Operators like mx.sym.linalg_* and mx.sym.random_* are now moved to mx.sym.linalg.* and mx.sym.random.*. The old names are still available but deprecated.
sample_* and random_* are now merged as random.*, which supports both scalar and NDArray distribution parameters.

Bug-fixes

Fixed a bug that causes argsort operator to fail on large tensors.
Fixed numerical stability issues when summing large tensors. For more information see full release notes

0.11.0

Major Features

Apple Core ML model converter
Support for Keras v1.2.2
For more information see full release notes

API Changes

Added CachedOp. You can now cache the operators that’s called frequently with the same set of arguments to reduce overhead.
Added sample_multinomial for sampling from multinomial distributions.
Added trunc operator for rounding towards zero.
Added linalg_gemm, linalg_potrf, ... operators for lapack support.
Added verbose option to Initializer for printing out initialization details.
Added DeformableConvolution to contrib from the Deformable Convolutional Networks paper.
Added float64 support for dot and batch_dot operator.
allow_extra is added to Module.set_params to ignore extra parameters.
Added mod operator for modulo.
Added multi_precision option to SGD optimizer to improve training with float16. Resnet50 now achieves the same accuracy when trained with float16 and gives 50% speedup on Titan XP.

Performance Improvements

ImageRecordIter now stores data in pinned memory to improve GPU memcopy speed.

Bugfixes

Cython interface is fixed. make cython and python setup.py install --with-cython should install the cython interface and reduce overhead in applications that use imperative/bucketing.
Fixed various bugs in Faster-RCNN example: apache#6486
Fixed various bugs in SSD example.
Fixed out argument not working for zeros, ones, full, etc.
expand_dims now supports backward shape inference.
Fixed a bug in rnn. BucketingSentenceIter that causes incorrect layout handling on multi-GPU.
Fixed context mismatch when loading optimizer states.
Fixed a bug in ReLU activation when using MKL.
Fixed a few race conditions that causes crashes on shutdown.

Refactors

Refactored TShape/TBlob to use int64 dimensions and DLTensor as internal storage. Getting ready for migration to DLPack. As a result TBlob::dev_mask_ and TBlob::stride_ are removed.

0.10.0

Overhauled documentation for commonly used Python APIs, Installation instructions, Tutorials, HowTos and MXNet Architecture.
Updated mxnet.io for improved readability.
Pad operator now support reflection padding.
Fixed a memory corruption error in threadedengine.
Added CTC loss layer to contrib package.

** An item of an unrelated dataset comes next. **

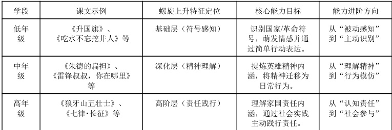 统编版小学语文红色课文按照“符号感知—精神理解—责任践行”的逻辑进行螺旋上升式编排,这一编排方式精准对应了小学生能力发展的规律,呈现出“基础感知—迁移应用—主动践行”的能力进阶显著特征。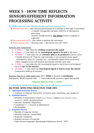 EXSS3062 Full Comprehensive Notes of which I received a HD in Inclusive of both Motor Learning and Motor Control sub-topics Topics Included: 1. Motor Control and Learning Intro 2. Goal Setting in Motor Learning 3. Motivation, Attention, Stress, Arousal in Motor Performance & learning 4. Augmented Feedback 5. Practise 6. Modelling & Observational Learning 7. Motor learning and Development in Childhood 8. Automaticity, Expertise & Adaptations 9. Error in skill, Techniques of Error Correction & Preventing Errors 10. Conscious & Automatic Control of Motor Behaviour 11. Acquiring Information: Sensory Proprioception 12. Sensory Input: Balance & Vision 13. How time Reflects Sensory-Efferent Information Processing Activity 14. Attending to Sensory Information 15. Memory & Information Storage 16. Hierarchy, Coordination & Synergies 17. Motor Units & Muscle Force Recruitment

See mx.contrib.sym.ctc_loss.
Added new sampling operators for several distributions (normal,uniform,gamma,exponential,negative binomial).
Added documentation for experimental RNN APIs.

0.9.3

Move symbolic API to NNVM @tqchen
- Most front-end C API are backward compatible
- Removed symbolic API in MXNet and relies on NNVM
New features:
- MXNet profiler for profiling operator-level executions
- mxnet.image package for fast image loading and processing
Change of JSON format
- param and attr field are merged to attr
- New code is backward-compatible can load old json format
OpProperty registration now is deprecated
- New operators are encouraged to register their property to NNVM op registry attribute
Known features removed limitations to be fixed
- Bulk segment execution not yet added.

v0.8

This is the last release before the NNVM refactor.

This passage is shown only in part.